As an antistatic agent, an ionic compound is mentioned. An ionic compound is a compound having an inorganic cation or an organic cation, and an inorganic anion or an organic anion.

Two or more ionic compounds may also be used.

Examples of inorganic cations include alkali metal ions such as lithium cation [Li ⁺ ], sodium cation [Na ⁺ ], potassium cation [K ⁺ ], beryllium cation [Be ²⁺ ], magnesium cation [Mg ²⁺ ] , alkaline earth metal ions such as calcium cation [Ca ²⁺ ], etc.

Examples of organic cations include imidazolium cations, pyridinium cations, pyrrolidinium cations, ammonium cations, sulfonium cations, and phosphonium cations.

Among the above-mentioned cationic components, organic cationic components are preferably used because they have good compatibility with the adhesive composition.

Examples of inorganic anions include chloride anion [Cl ^- ], bromide anion [Br ^- ], iodide anion [I ^- ], tetrachloroaluminate anion [AlCl ₄ ^- ], heptachlorodialuminate anion [Al ₂ Cl ₇ ^- ], tetrafluoroborate anion [BF ₄ ^- ], hexafluorophosphate anion [PF ₆ ^- ], perchlorate anion [ClO ₄ ^- ], nitrate anion [NO ₃ ^- ], hexafluoroarsenate anion [ AsF ₆ ^- ], hexafluoroantimonate anion [SbF ₆ ^- ], hexafluoroniobate anion [NbF ₆ ^- ], hexafluorotantalate anion [TaF ₆ ^- ], dicyandiamide anion [(CN) ₂ N ^- ] Wait.

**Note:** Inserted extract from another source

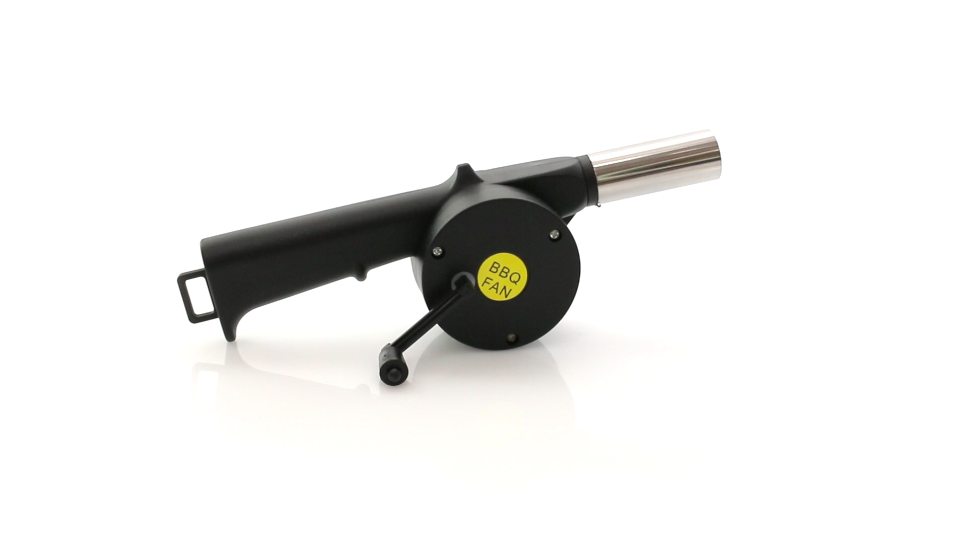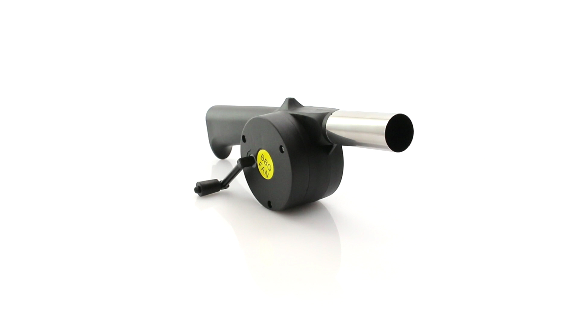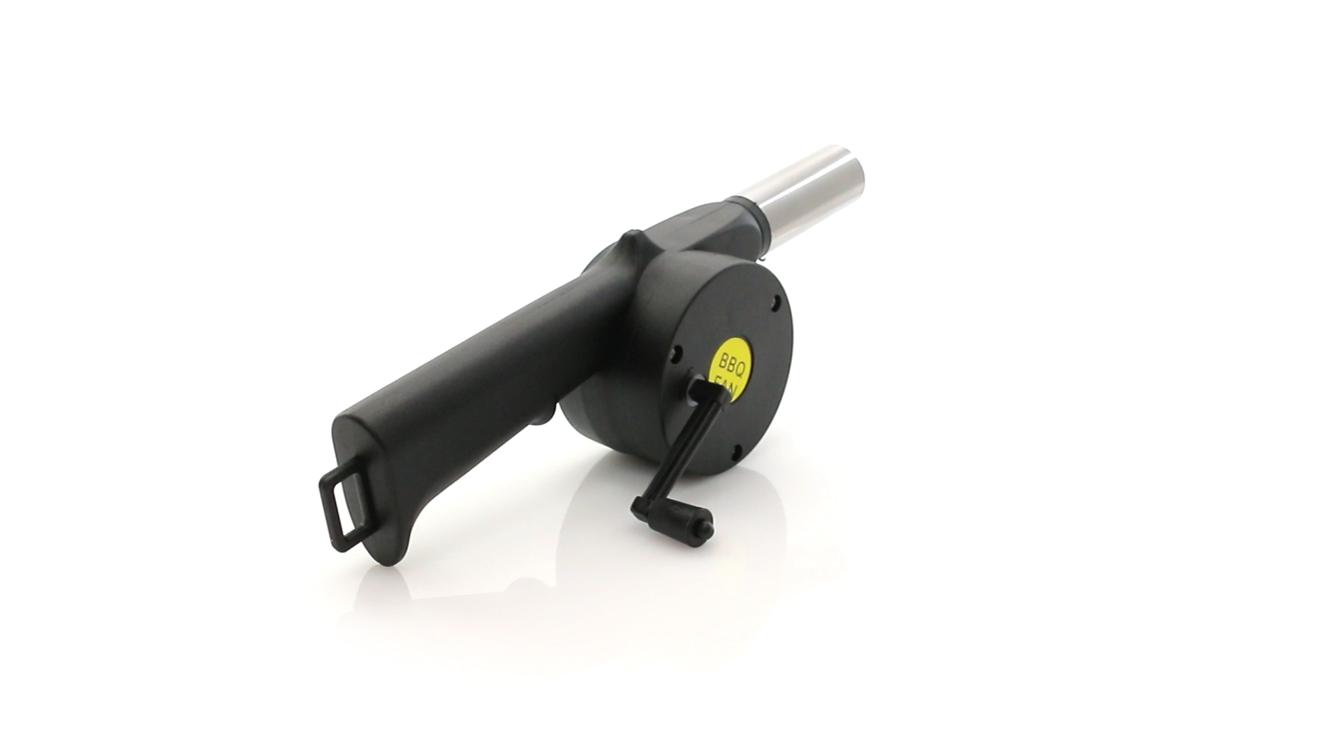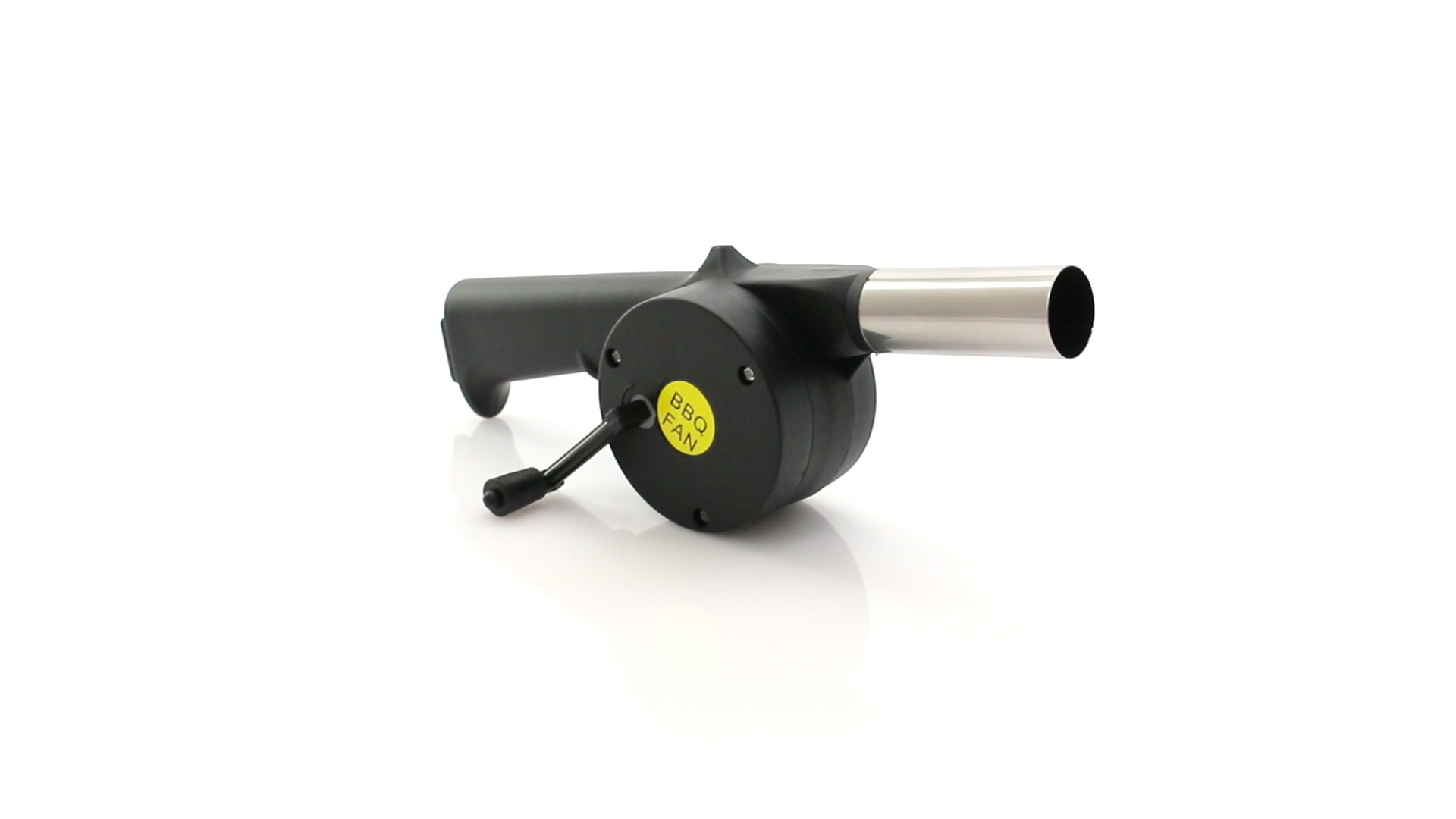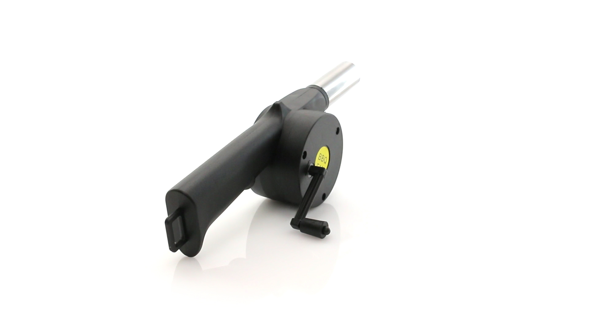Praktisches Grillgebläse mit genialem Handkurbel-Mechanismus zum Anfachen der Glut.

Examples of organic anions include: acetate anion [CH ₃ COO ^- ], trifluoroacetate anion [CF ₃ COO ^- ], methanesulfonate anion [CH ₃ SO ₃ ^- ], trifluoromethanesulfonate anion [CF ₃ SO ₃ ^- ], p-toluenesulfonate anion [p-CH ₃ C ₆ H ₄ SO ₃ ^- ], bis(fluorosulfonyl)imide anion [(FSO ₂ ) ₂ N ^- ], bis(trifluoromethanesulfonate Acyl)imide anion [(CF ₃ SO ₂ ) ₂ N ^- ], tris(trifluoromethanesulfonyl)methanide anion [(CF ₃ SO ₂ ) ₃ C ^- ], dimethylphosphonite anion [( CH ₃ ) ₂ POO ^- ], (poly) hydrofluoric acid fluoride anion [F(HF) _n ^- ] (n is about 1 to 3), thiocyanate anion [SCN ^- ], perfluorobutanesulfonate anion [C ₄ F ₉ SO ₃ ^- ], bis(pentafluoroethanesulfonyl)imide anion [(C ₂ F ₅ SO ₂ ) ₂ N ^- ], perfluorobutyrate anion [C ₃ F ₇ COO ^- ], (Trifluoromethanesulfonyl)(trifluoromethanecarbonyl)imide anion [(CF ₃ SO ₂ )(CF ₃ CO)N ^- ], perfluoropropane-1,3-disulfonate anion [ ^- O ₃ S (CF ₂ ) ₃ SO ₃ ^- ], carbonate anion [CO ₃ ^2- ], etc.

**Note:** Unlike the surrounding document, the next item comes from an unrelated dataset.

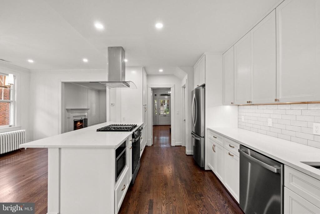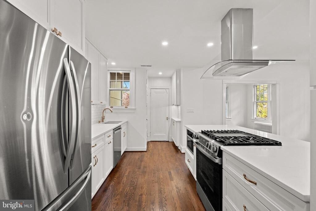 Welcome to 2814 Bellevue Terrace NW, a newly fully renovated gem in the heart of Cathedral Heights and Observatory Circle. Set on a quiet, tree-lined street just steps from the National Cathedral, this light-filled duplex combines historic charm with modern sophistication. From the fabulous covered front porch, so peaceful you can hear the Cathedral bells, to the two-car under-home garage and additional secure parking accessed by a motorized rear gate, every detail has been designed for easy and elegant city living. Inside, high ceilings and expansive windows flood the home with natural light, accentuating the beautifully refinished hardwood floors and restored millwork. A brand-new entertainer’s kitchen anchors the main level, flowing seamlessly into the dining and living areas for both everyday comfort and effortless entertaining. Upstairs, generously scaled bedrooms, upgraded closets and spa-quality baths showcase timeless design with modern finishes. Outdoor spaces, both front and rear, invite relaxation, offering privacy and convenience rarely found in this location. The fully finished lower level provides exceptional additional living space, featuring a spacious recreation room, a half bath, a large storage room, a full laundry area, and direct access to the two-car garage. With its exceptional scale, high ceilings, private parking, and fully renovated interiors, 2814 Bellevue Terrace NW offers a rare opportunity to experience the best of Northwest Washington, near embassies, parks, and the iconic Washington National Cathedral.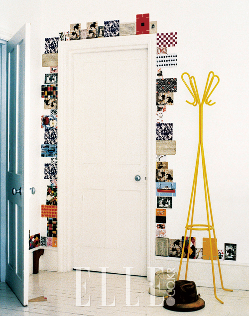 페인트나 도배를 하지 않고 문을 꾸미는 아주 간단한 아이디어. 예쁜 그림, 사진 엽서를 활용해 문 모양을 따라 패치워크하듯 붙이면 끝. 그동안 모아둔 여행 기념 엽서를 활용하거나, 벼룩시장에서 구입한 빈티지 엽서 등을 활용해도 좋지만 다양한 크기의 제품으로 지루하지 않게 붙이는 게 포인트다. 문 주위뿐 아니라 바닥 장식까지 연장할 수 있는 아이디어로 엽서를 붙이고 떼어냈을 때 벽이 상하지 않는 이중 테이프나 접착 고무를 사용해야 후일을 도모할 수 있다.

Among the above-mentioned anionic components, anionic components containing fluorine atoms are particularly preferably used because they can provide ionic compounds excellent in antistatic performance. Specifically, bis(fluorosulfonyl)imide anion, hexafluorophosphate anion, or bis(trifluoromethanesulfonyl)imide anion can be mentioned.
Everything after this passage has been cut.